An elegant strand of argument, carried by the seventh and eighth chapters, illustrates the power of his mixed-methods composite portraiture. In his chapter on “The 1851 Religion Census,” Calder demonstrates, by looking at the size, location, and date of construction of PM places of worship, that contrary to all expectations, Primitive Methodism seems to have begun in an area by building a chapel of relatively large capacity, then filling it all around it with small chapels. The net effect, which could not have been intended by a centrally administered strategy, was to significantly over-supply the local Primitive Methodists with Sunday seating and create areas of saturated presence, while leaving other locales entirely bereft of PM representation.
That specific argument in the seventh chapter prepares the reader for the eighth chapter on “The PM Chapel,” which overturns some of the easy assumptions and aesthetic dismissals of the PM chapels. In that chapter, Calder shows, among other things, that perceptions of PM chapels have been skewed by the assumptions of those studying them. He shows that PM chapels were competing with similar Nonconformist chapels in terms of expense and capacity, not reflecting impoverished builders, though they clearly show a very late adoption of the Gothic and an often-unwarranted expectation of future growth.

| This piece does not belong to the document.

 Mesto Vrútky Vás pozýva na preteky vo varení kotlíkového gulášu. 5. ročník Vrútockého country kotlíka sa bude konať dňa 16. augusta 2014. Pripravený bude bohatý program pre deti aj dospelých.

His exploration of the chapels and their building costs in turn prepares the way for an examination in the following chapter of “The Character of the Leadership,” in which he emphasizes that PM leaders, much like their chapels, were much more respectable than often assumed. The relationship between the realities and the myths was not a simple one, however. According to Calder,
The people who ran the organization were significantly more prosperous than the followers; and while the followers got poorer in the mid-Victorian era, the leaders and the itinerants did not. Discourse drove down the church's recruitment profile as the PM legends became increasingly self-fulfilling, while the status of its preachers and elite members rose; yet that same discourse ensured that those increasingly prosperous chroniclers would continue to accentuate the old hardships, thereby discretely obscuring their own situation .

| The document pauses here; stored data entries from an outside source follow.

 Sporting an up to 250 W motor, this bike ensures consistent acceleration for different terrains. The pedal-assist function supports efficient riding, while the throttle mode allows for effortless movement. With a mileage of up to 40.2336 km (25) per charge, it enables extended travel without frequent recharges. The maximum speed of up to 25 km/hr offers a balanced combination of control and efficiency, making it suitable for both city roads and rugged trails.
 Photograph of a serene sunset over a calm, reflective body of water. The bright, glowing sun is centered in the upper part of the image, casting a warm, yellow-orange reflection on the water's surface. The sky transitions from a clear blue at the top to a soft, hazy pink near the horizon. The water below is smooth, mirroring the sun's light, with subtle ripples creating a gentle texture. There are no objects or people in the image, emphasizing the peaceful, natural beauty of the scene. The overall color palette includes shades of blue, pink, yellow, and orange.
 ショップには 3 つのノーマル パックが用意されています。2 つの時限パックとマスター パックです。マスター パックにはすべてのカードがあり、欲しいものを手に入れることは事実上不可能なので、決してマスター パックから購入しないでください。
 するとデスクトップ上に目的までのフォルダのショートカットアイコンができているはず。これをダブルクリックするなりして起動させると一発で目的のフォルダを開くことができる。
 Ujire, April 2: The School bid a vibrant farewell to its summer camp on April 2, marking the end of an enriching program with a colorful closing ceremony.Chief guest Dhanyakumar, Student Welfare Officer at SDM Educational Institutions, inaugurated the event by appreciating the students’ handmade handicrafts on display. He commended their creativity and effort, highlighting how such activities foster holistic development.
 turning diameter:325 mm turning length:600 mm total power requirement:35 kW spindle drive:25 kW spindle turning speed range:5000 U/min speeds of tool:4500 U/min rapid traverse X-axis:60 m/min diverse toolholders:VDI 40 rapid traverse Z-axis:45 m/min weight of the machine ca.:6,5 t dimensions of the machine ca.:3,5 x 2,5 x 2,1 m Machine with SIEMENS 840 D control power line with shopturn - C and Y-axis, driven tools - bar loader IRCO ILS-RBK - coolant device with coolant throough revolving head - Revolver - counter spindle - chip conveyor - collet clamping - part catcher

The important thing for Calder is not to dispute many specific points concerning the Primitive Methodists, nor to make any “argument” about the connection apart from the divergence between its mythos and realities. His purpose, rather, is to try to shift the entire nature of discourse about Primitive Methodism, to change the kind of questions asked, the kind of investigations attempted, and the larger narrative into which episodes and details are set. He certainly takes pains to say, in countless ways, that Primitive Methodism and Primitive Methodists were never quite what their treasured myths proclaimed them to be, nor what romantic historical portrayals might make them out to be. In making that case repeatedly, in so many ways, with many kinds of evidence, Calder has provided us more than a volume on Primitive Methodism, more even than a contribution to our understanding of the larger Methodist story. He has shown us how a deconstructive impulse, when coupled with assiduous spadework, can drive us toward confronting the true complexity of the past – or what remains of it.